» **What to do**:
From the entries below, reproduce exactly the lines from the one with "カラーブラウス スプリング秋物韓国ファッションルーズロング 長袖" through the one with "lados opuestos de", both included, without images.

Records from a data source
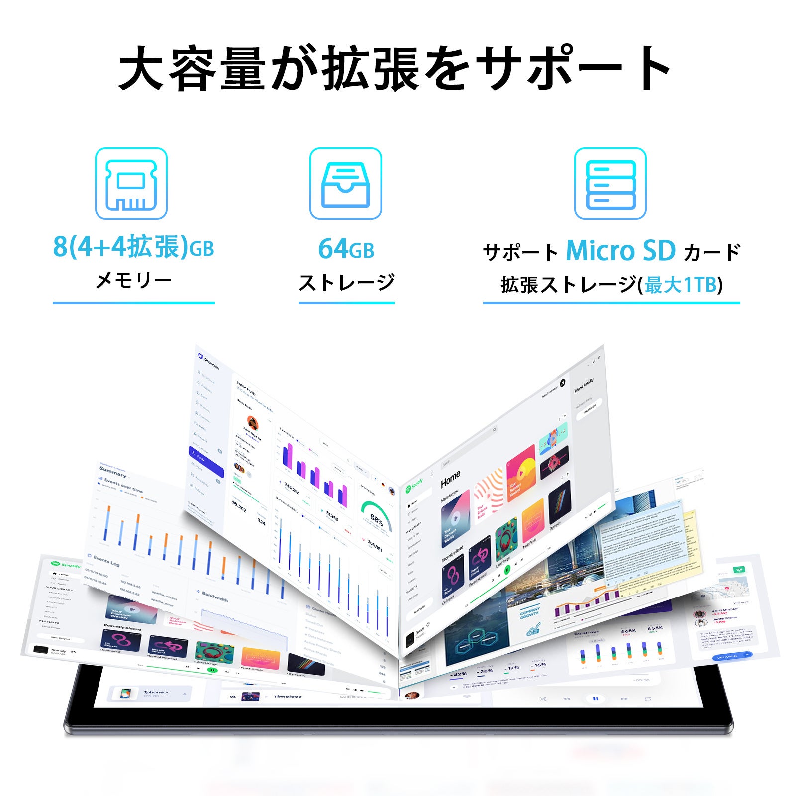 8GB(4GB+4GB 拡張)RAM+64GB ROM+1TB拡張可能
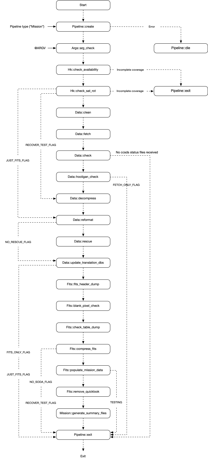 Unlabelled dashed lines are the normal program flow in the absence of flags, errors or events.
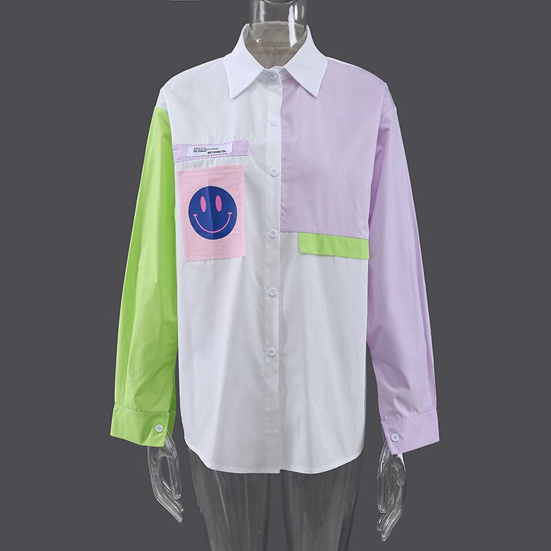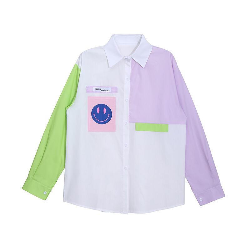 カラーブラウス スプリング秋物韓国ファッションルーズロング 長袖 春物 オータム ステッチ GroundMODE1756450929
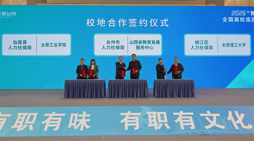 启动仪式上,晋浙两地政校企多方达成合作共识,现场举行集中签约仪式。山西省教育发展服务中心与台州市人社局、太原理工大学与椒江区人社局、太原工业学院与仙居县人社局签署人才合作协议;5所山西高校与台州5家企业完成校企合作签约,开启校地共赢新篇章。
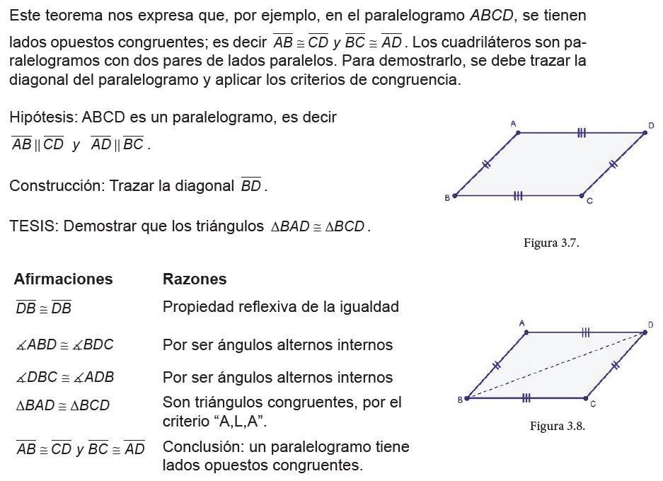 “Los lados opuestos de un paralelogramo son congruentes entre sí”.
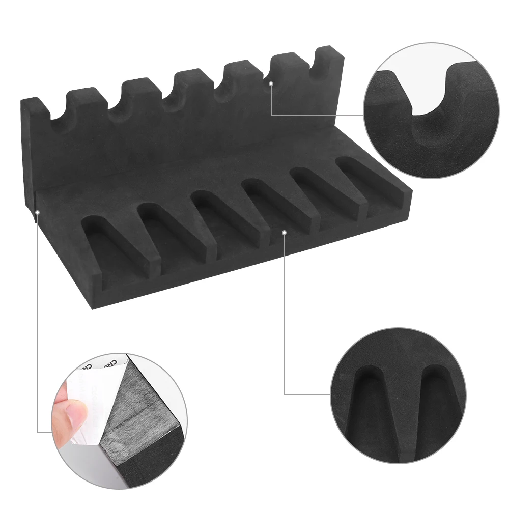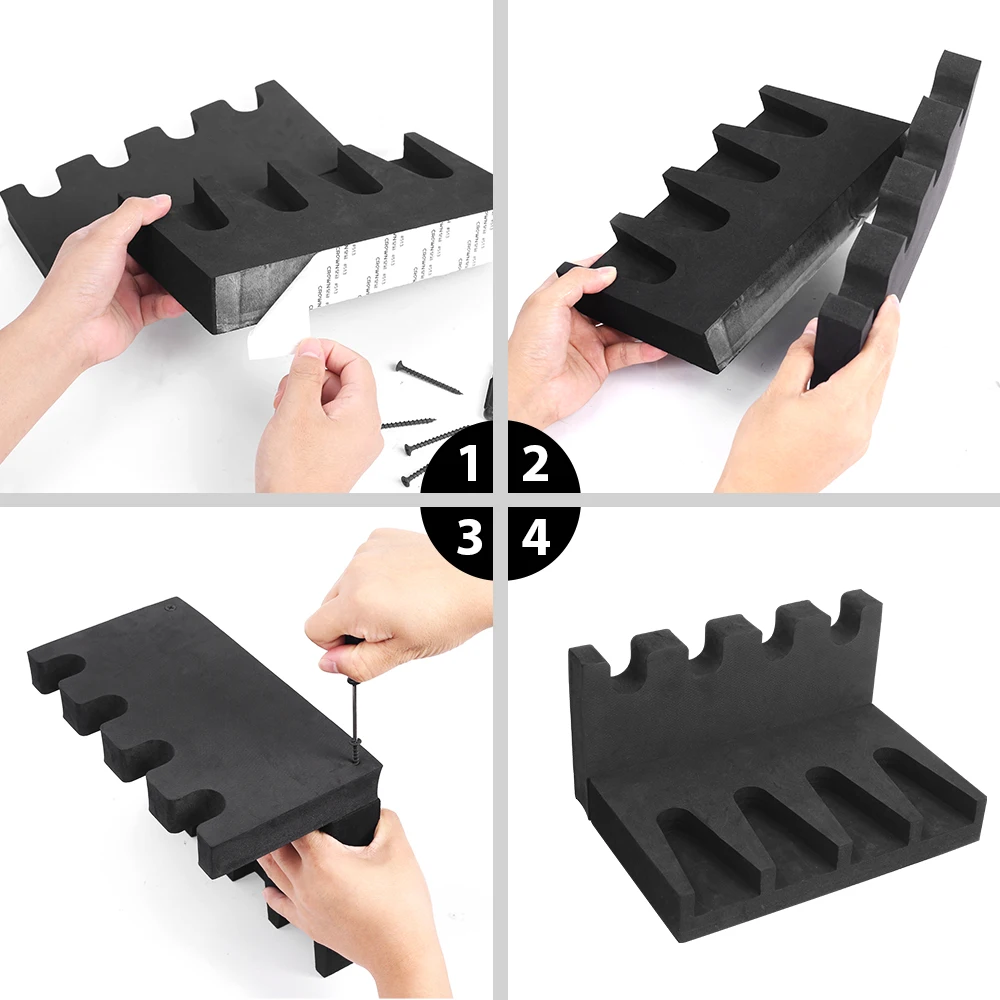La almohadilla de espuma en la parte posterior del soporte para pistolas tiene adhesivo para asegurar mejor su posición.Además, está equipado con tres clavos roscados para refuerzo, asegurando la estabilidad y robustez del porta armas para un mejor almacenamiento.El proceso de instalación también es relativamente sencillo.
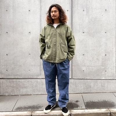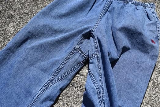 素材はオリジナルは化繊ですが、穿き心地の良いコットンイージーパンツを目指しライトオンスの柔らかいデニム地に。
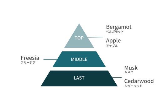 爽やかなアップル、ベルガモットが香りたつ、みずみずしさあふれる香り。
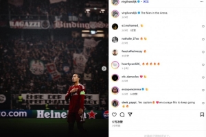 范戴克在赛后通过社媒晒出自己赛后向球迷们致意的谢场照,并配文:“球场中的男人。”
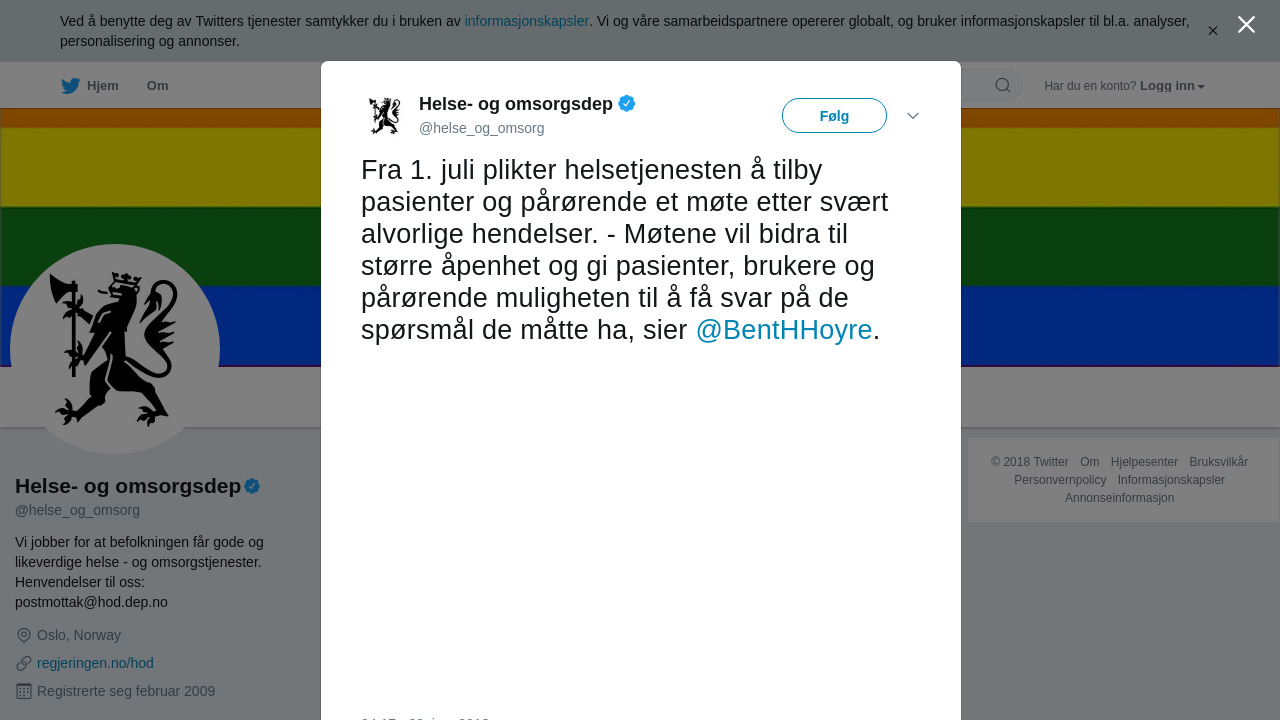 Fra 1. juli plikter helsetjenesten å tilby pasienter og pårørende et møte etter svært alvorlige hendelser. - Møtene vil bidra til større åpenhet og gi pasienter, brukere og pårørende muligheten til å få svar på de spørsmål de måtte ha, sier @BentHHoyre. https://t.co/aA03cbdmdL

» **Task solution**:
 カラーブラウス スプリング秋物韓国ファッションルーズロング 長袖 春物 オータム ステッチ GroundMODE1756450929
 启动仪式上,晋浙两地政校企多方达成合作共识,现场举行集中签约仪式。山西省教育发展服务中心与台州市人社局、太原理工大学与椒江区人社局、太原工业学院与仙居县人社局签署人才合作协议;5所山西高校与台州5家企业完成校企合作签约,开启校地共赢新篇章。
 “Los lados opuestos de un paralelogramo son congruentes entre sí”.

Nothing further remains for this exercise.